お守りに溺愛を込めて~初恋は可愛い命の恩人~
──先月のこと
〝とうとう例の支払いが来る…!〞と、恐る恐るクレジットカードの利用明細を見てみると、高級焼肉店での利用の形跡がなかったの。

明細の利用日を確認すると、その日の前後はちゃんとカードが使えているのに、焼肉店の会計だけが抜けていて。

だから、カード会社に連絡する前にまず桜賀に何か知らないか聞いてみたら、あの時、私がその場にいなかったから使えなかったんだって、私のクレジットカード。
それで桜賀が自分のカードでお会計してくれたみたいなの。

だから、立て替えてもらった分をお返ししようと思って金額を聞いたんだけど、教えてくれない上に、「今日まで高額の支払いに怯えてハラハラして過ごしてただろ?それでチャラでいーから」なんて言う始末。

チ、チャラ!? 数万円をチャラ!?

さすがに高額すぎるし、それじゃ申し訳なさすぎて私の気が済まないから、せめて自分の分だけでも払わせて!と何度も言ったら、桜賀から「じゃあ、奈都子の都合のいい時でいいから、俺の分も夕飯作って欲しい」って提案されたの。

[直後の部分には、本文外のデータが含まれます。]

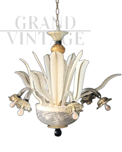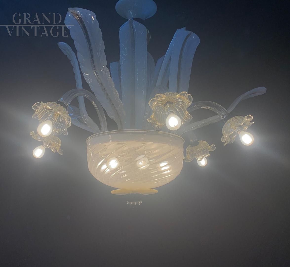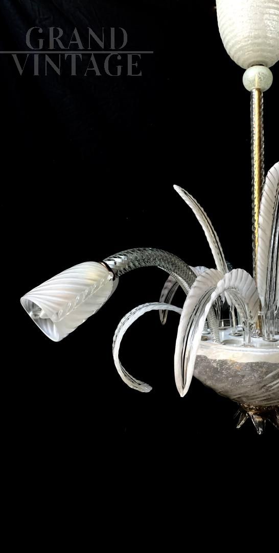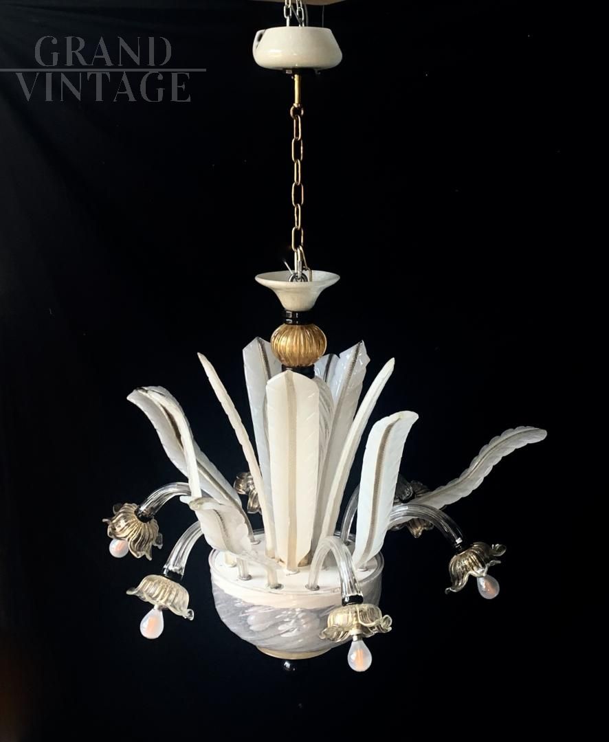 Bellissimo lampadario in vetro di Murano bianco attribuibile alla ditta Seguso, anni '60, con 6 luci esterne e diverse all'interno della coppa. Il lampadario è di medie dimensioni, ha una linea bella e delicata. Il vetro è principalmente pulegoso bianco latte con oro, e in parte trasparente con decorazioni di colore nero. Struttura in ottone e ferro, vetri originali anni '60 circa intatti, non crepati, tutti removibili dalla struttura. Pochi segni del tempo, impianto elettrico rifatto e adatto all'uso di lampadine a Led E14. Non abbaglia se vengono montate lampadine bianco latte
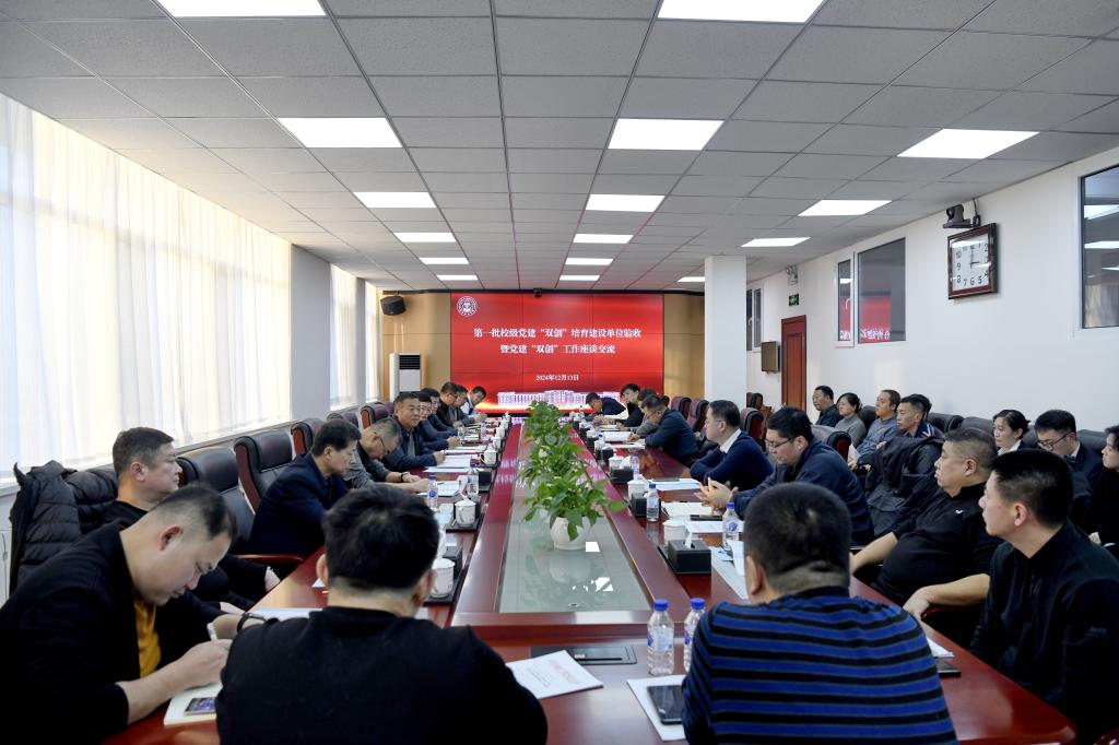 第一批校级党建“双创”培育建设单位进行成果汇报。与会人员对其进行验收评议,并围绕如何推动学校党建“双创”工作提质增效交流研讨。

正直に「…そんなことでいいの?」って言ったら、「あぁ。奈都子ん家でまた前みたいに食わせてもらえたら嬉しい」って言ってくれたから、それ以来、時間のある時に夕飯を作って、うちで一緒に食べてるの。

金曜日や土曜日だとこの前みたいにお酒も飲んで、たまに泊まっていくこともあるし。
(だから今では葵の分の他に、桜賀のお泊まりセットも置くようになったんだ。ふふっ)


でも、桜賀の考えてることがよく分からないんだよね。

だって、これって高級焼肉をご馳走になったお礼のハズなのに、私が食材を買いにスーパーに行くと桜賀がついてきて、そのお会計をしてくれるんだよ?
その代金を出すくらいなら、外食した方が断然安くておいしいのが食べられるのに。

しかも、この夕飯のために桜賀用の食器一式を揃えることになったのだけど、なぜか私もお洒落な雑貨屋さんに連れていかれてね、「どうせだし、奈都子も食器、新調すれば?」って桜賀がお揃い(色違い)の食器を選んでくれて、全部買ってくれたの。

そりゃあ、私は嬉しいよ?
私の作った料理を、お揃いの食器で一緒に食べるなんて、まるで夫婦みたいなんだもん。